# Murray muscle bike help.



## bigqueezy (Jun 18, 2019)

First, I am a BMX guy. So please excuse my ignorance when it comes to muscle bikes. I picked up 2 muscle bikes in a package deal the 1st is a Murray Wildcat with no serial #. The second is a F5 Ranger. The second as far as I can figure out through my searching seems to be made by Murray for the Ranger bicycle company. Any info would help, I love the knowledge. On the Wildcat, is it did am I looking in the wrong place for serial number? Do you think it's possible the dropout was replaced? Could it be a fake?


----------



## Slick4d4d (Jun 19, 2019)

Don't think anything was replaced. As for the location of any number is there anything under the crank?


----------



## rfeagleye (Jun 19, 2019)

Nice pick ups there! The Wildcat was made after 1971. In 1971 they started sticking that BMA-6 sticker on the seat tube. from the looks of it, I would guess that is a 1973-1974 built bike.
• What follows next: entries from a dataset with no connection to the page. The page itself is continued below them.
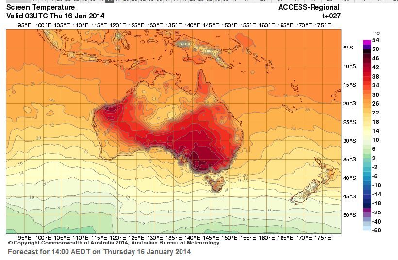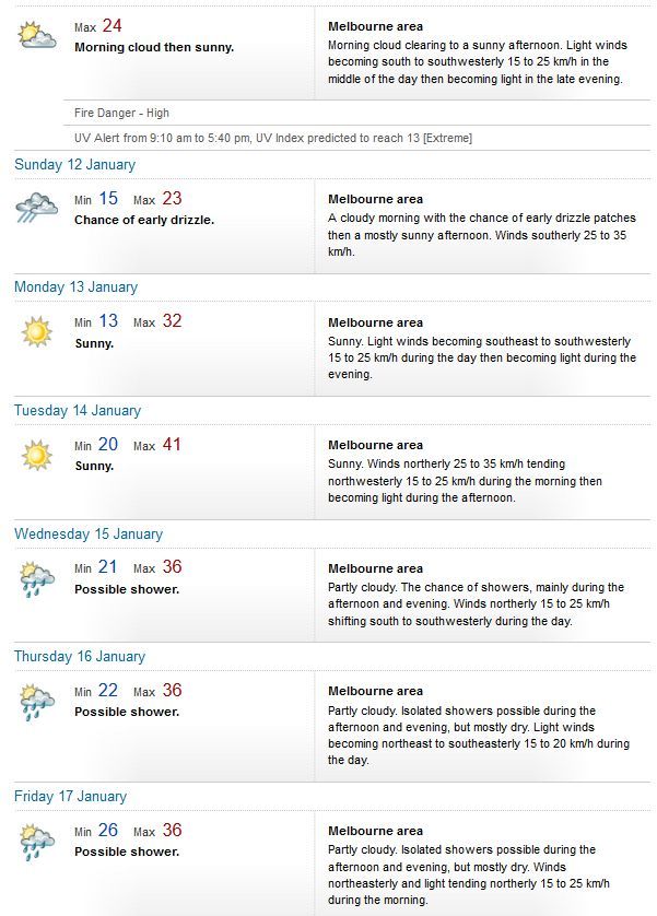 Parts of Australia are enduring an unpleasant heatwave – temperatures over 40°C in South Australia (almost 50°C!) and Queensland. Melbourne has been spared this time at least.
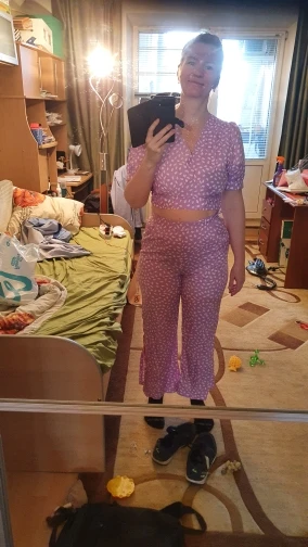 Доставка-10 дней. Талия 72-74, рост 158. И все подошло. ! Штаны порезали, но если вам они коротки, то их можно распустил(сантиметров 8 в запасе). Штаны на резинке и молние. В комплекте идут кнопки, если вырез будет слишком глубоким(но мы просто зашили его немного)ткань приятна. Я довольна покупкой!!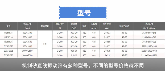 機制砂直線振動篩的型號有:DZSF-515、DZSF-520、DZSF-1020、DZSF-1025、DZSF-1030、DZSF-1035、DZSF-1540等型號,型號越大價格就會越貴,每個型號的直線振動篩都能安裝1-5層的篩網,單層可以進行簡單的篩分、過濾工作,多層可以滿足除雜、分級等不同規(guī)格物料的篩分。不同型號滿足不同用戶對于機制砂篩分的需求。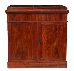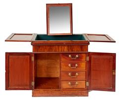 The rectangular top with hinged panels opening to reveal baize lined compartment below the ratchet lift up mirror on two cupboard doors revealing four fitted drawers to one side and cabinet on the other, on plinth base, 74 width x 51 depth x 75cm height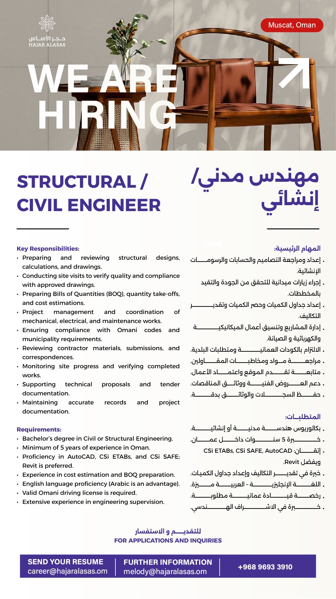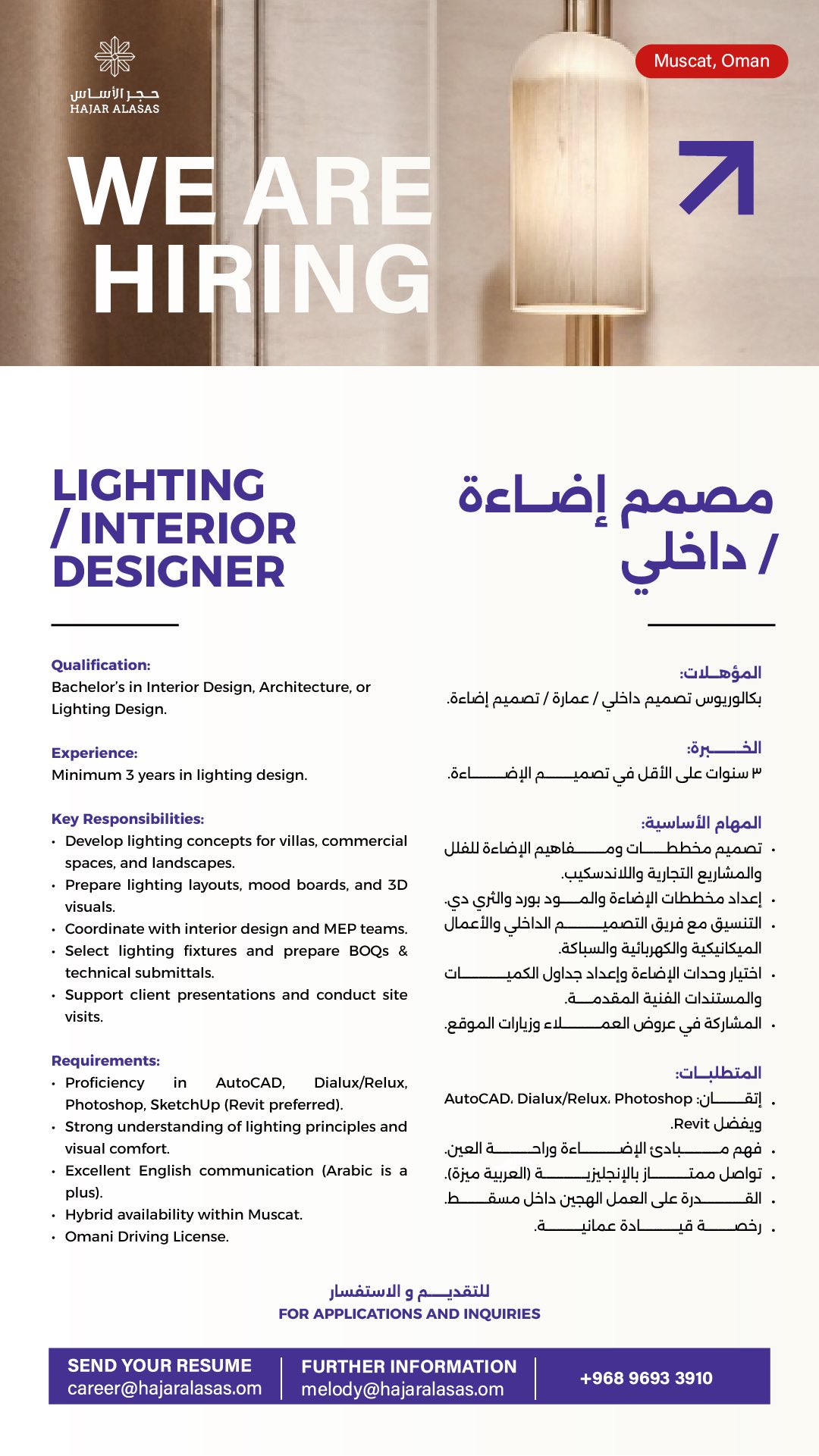 شركة حجر الأساس للاستشارات الهندسية في الموالح - فرص وظيفية شاغرة ( مهندس مدني/إنشائي + مصمم إضاءة/داخلي )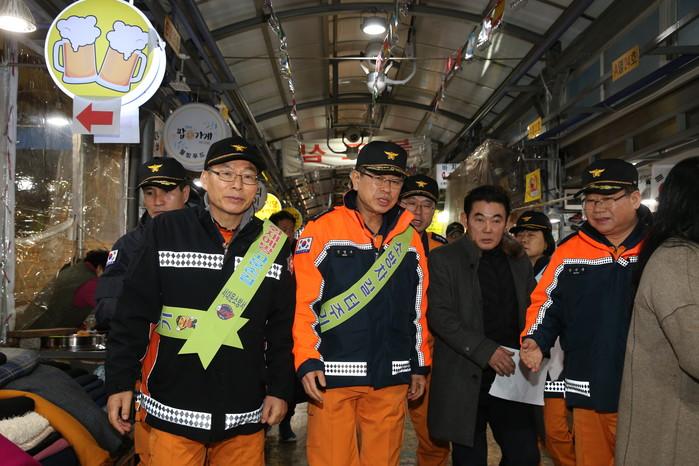 서울 서대문소방서는 최근 지역내 위치한 영천시장을 방문해 겨울철 전통시장 현지 확인 점검 및 캠페인을 했다. 이날 비상소화장치 및 화재 취약요인을 점검하고, 재난발생 위치표지판 정비 등을 했다. 사진은 시장을 살피는 모습.(사진제공=서대문소방서)

The F-5 is very cool! That is a Murray Eliminator, just sold with a Ranger badge. That one looks like a 1969 or 1970, based on the seat and the pedals. It *should* have a serial number on the frame on the non-drive side rear dropout. See if there is one there and post it up, and then search this site for the "Murray Serial Number Project" and you'll find a post with a decode for the numbers. 

Hope that helps!


----------